YOUR INSTRUCTIONS: Everything in the data except the pictures belongs in your answer, copied exactly.

DATA TO EXAMINE:
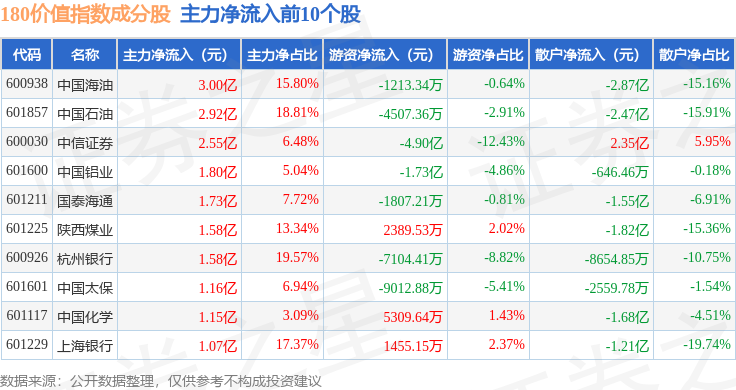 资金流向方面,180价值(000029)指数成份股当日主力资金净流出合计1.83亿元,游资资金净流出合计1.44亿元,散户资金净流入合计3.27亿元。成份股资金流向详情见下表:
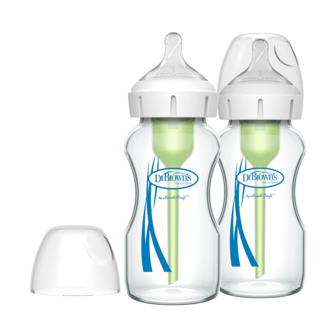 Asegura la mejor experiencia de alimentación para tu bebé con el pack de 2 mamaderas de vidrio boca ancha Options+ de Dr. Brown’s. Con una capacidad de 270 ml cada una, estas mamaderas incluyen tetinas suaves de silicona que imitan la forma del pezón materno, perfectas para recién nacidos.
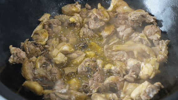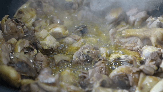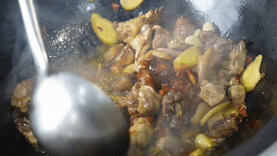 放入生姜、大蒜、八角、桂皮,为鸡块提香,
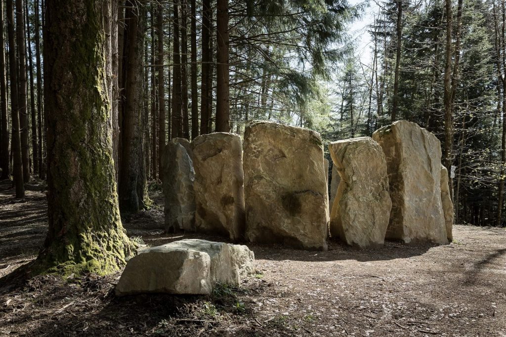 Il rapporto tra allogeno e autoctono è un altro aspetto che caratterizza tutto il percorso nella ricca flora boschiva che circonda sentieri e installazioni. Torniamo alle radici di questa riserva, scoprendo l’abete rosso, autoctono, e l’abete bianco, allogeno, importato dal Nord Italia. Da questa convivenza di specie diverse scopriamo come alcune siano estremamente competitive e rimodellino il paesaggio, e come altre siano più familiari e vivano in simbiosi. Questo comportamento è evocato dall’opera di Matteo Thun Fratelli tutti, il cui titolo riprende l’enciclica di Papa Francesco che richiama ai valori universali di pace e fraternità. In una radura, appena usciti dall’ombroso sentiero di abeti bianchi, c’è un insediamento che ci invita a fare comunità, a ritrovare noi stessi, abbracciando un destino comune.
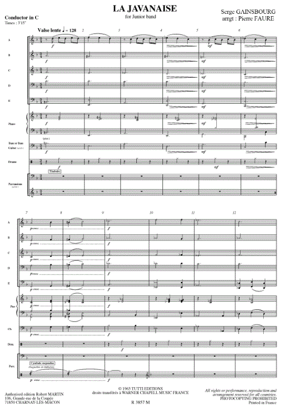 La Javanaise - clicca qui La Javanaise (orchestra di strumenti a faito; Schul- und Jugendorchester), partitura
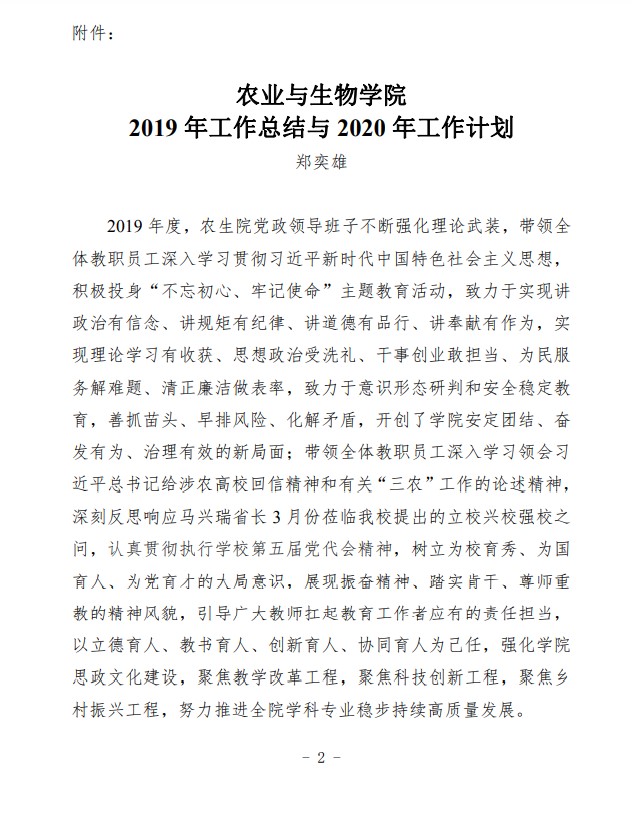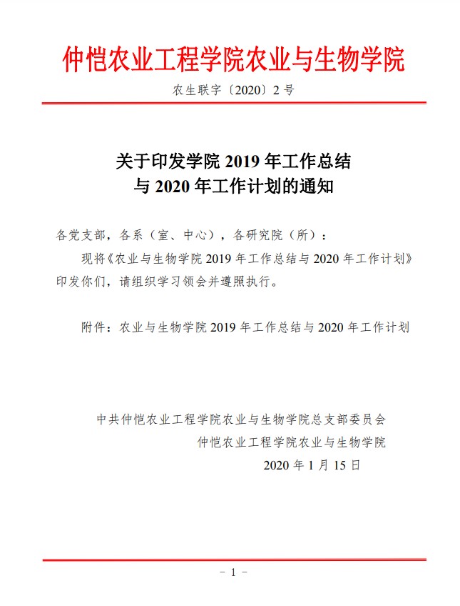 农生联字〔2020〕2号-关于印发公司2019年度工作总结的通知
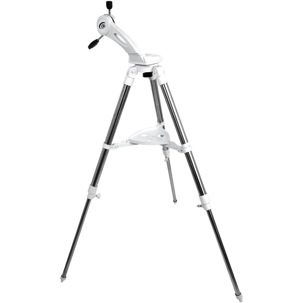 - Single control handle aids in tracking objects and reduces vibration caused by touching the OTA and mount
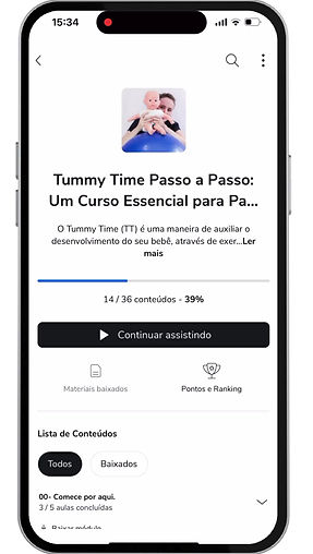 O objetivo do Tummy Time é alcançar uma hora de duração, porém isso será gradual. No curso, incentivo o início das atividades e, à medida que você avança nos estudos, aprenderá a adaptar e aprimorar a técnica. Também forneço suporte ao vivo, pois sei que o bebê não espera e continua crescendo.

SOLUTION FOR THIS TASK:
 资金流向方面,180价值(000029)指数成份股当日主力资金净流出合计1.83亿元,游资资金净流出合计1.44亿元,散户资金净流入合计3.27亿元。成份股资金流向详情见下表:
 Asegura la mejor experiencia de alimentación para tu bebé con el pack de 2 mamaderas de vidrio boca ancha Options+ de Dr. Brown’s. Con una capacidad de 270 ml cada una, estas mamaderas incluyen tetinas suaves de silicona que imitan la forma del pezón materno, perfectas para recién nacidos.
 放入生姜、大蒜、八角、桂皮,为鸡块提香,
 Il rapporto tra allogeno e autoctono è un altro aspetto che caratterizza tutto il percorso nella ricca flora boschiva che circonda sentieri e installazioni. Torniamo alle radici di questa riserva, scoprendo l’abete rosso, autoctono, e l’abete bianco, allogeno, importato dal Nord Italia. Da questa convivenza di specie diverse scopriamo come alcune siano estremamente competitive e rimodellino il paesaggio, e come altre siano più familiari e vivano in simbiosi. Questo comportamento è evocato dall’opera di Matteo Thun Fratelli tutti, il cui titolo riprende l’enciclica di Papa Francesco che richiama ai valori universali di pace e fraternità. In una radura, appena usciti dall’ombroso sentiero di abeti bianchi, c’è un insediamento che ci invita a fare comunità, a ritrovare noi stessi, abbracciando un destino comune.
 La Javanaise - clicca qui La Javanaise (orchestra di strumenti a faito; Schul- und Jugendorchester), partitura
 农生联字〔2020〕2号-关于印发公司2019年度工作总结的通知
 - Single control handle aids in tracking objects and reduces vibration caused by touching the OTA and mount
 O objetivo do Tummy Time é alcançar uma hora de duração, porém isso será gradual. No curso, incentivo o início das atividades e, à medida que você avança nos estudos, aprenderá a adaptar e aprimorar a técnica. Também forneço suporte ao vivo, pois sei que o bebê não espera e continua crescendo.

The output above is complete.